Figure 2. Direct Solving vs. Terminus-2 vs. Terminus-KIRA across nine models on the four hard DeonticBench tasks. Each task is allotted a 10-minute budget; trials that exceed the budget, fail to parse, or raise harness runtime errors are counted as incorrect.
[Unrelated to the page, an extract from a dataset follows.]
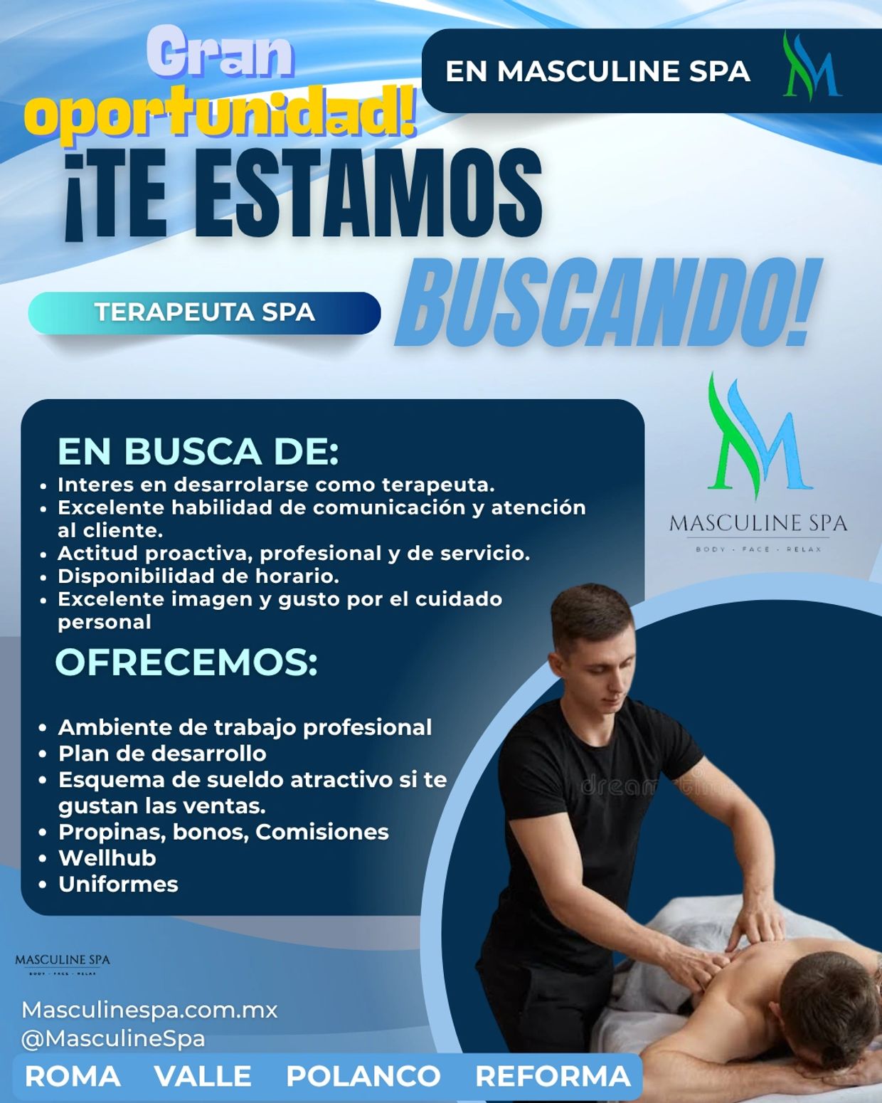 🚨 ¡ATENCIÓN! Masculine Spa está buscando a su próximo TERAPEUTA EN ENTRENAMIENTO 🚨 👔 EXCLUSIVO PARA HOMBRES de 18 a 27 años con actitud profesional, imagen juvenil y gusto por el cuidado masculino. 🌟 Somos un spa boutique especializado en estética masculina, con sucursales en: 📍 Roma Norte (Metrobús Durango) 📍 Polanco 📍 Reforma (Ángel de la Independencia) 📍 Colonia del Valle (frente a Parque Hundido) 🔥 ¿QUÉ TE OFRECEMOS? 💼 Ingreso mensual competitivo: ➡️ Base + Comisiones + Propinas + Bonos 💰 Gana entre $8,400 y $25,000 MXN al mes 🎓 Además: ✔️ Capacitación diaria + cursos certificados ✔️ Plan de crecimiento profesional ✔️ Servicios de spa incluidos 💆🏻♂️ ✔️ Uniformes sin costo 👕 ✔️ Excelente ambiente laboral 😄 ✅ REQUISITOS INDISPENSABLES: 🔹 Sexo: Masculino 🔹 Edad: 18 a 27 años 🔹 Imagen fresca y presentación impecable 🔹 Experiencia en: • Tratamientos faciales y corporales • Ventas • Atención al cliente 🔹 Disponibilidad de horario completo (incluyendo sábados) ❌ No contamos con horarios para estudiantes 🚀 Inicio inmediato 📲 ¿Te interesa formar parte del equipo? Mándanos tu CV por WhatsApp al: 55 4088 7721 (📩 solo mensajes, no llamadas) 🌐 Conócenos: masculinespa.com.mx 💪 ¡Conviértete en el nuevo especialista de Masculine Spa y transforma tu carrera hoy!

Agentic harnesses lift frontier models but degrade open-source models, most severely on the numerical tasks.

Token Usage

Figure 3. Average tokens consumed per trial under Direct Solving, Terminus-2, and Terminus-KIRA. Agentic harnesses append each action's output to the next iteration's input, so weaker open-source models spend far more tokens — up to roughly 4× the frontier — without a matching accuracy gain.

Detailed Results

		Accuracy		Macro F1
Model	Harness	SARA-Num	Airline	SARA-Bin	USCIS-AAO
Qwen3-Coder-480B	direct	0.249	0.021	0.591	0.338
	codex	0.086	0.000	0.598	0.427
	terminus-2	0.143	0.000	0.793	0.408
	terminus-kira	0.143	0.013	0.766	0.378
	claude-code	0.343	0.050	0.800	0.505
Qwen3.5-122B	direct	0.370	0.150	0.753	0.780
	codex	0.229	0.013	0.799	0.775
	terminus-2	0.200	0.038	0.800	0.603
	terminus-kira	0.200	0.050	0.823	0.764
	claude-code	0.286	0.113	0.793	0.730
Qwen3.5-35B	direct	0.340	0.137	0.740	0.477
	terminus-2	0.229	0.013	0.833	0.607
	terminus-kira	0.114	0.013	0.829	0.718
	claude-code	0.371	0.088	0.833	0.603
Qwen3.5-397B	direct	0.528	0.192	0.782	0.727
	terminus-2	0.286	0.013	0.833	0.708
	terminus-kira	0.771	0.000	0.906	0.778
	claude-code	0.514	0.100	0.889	0.643
Qwen3-235B	direct	0.321	0.128	0.665	0.531
	codex	0.114	0.000	0.721	0.509
	terminus-2	0.171	0.013	0.598	0.689
	terminus-kira	0.286	0.038	0.665	0.668
Kimi-K2	direct	0.084	0.090	0.684	0.518
	codex	0.200	0.000	0.733	0.553
	terminus-2	0.114	0.000	0.593	0.533
	terminus-kira	0.229	0.050	0.885	0.668
GPT-5.2	direct	0.303	0.025	0.597	0.779
	codex	0.343	0.000	0.464	0.819
	terminus-2	0.514	0.188	0.531	0.781
	terminus-kira	0.600	0.363	0.569	0.713

Codex CLI, Terminus-2, Terminus-KIRA, and Claude Code harnesses on DeonticBench (Appendix Table 1). Accuracy columns report exact-match accuracy; Macro F1 columns report macro-averaged F1. The best score per (model, metric) row group is bolded.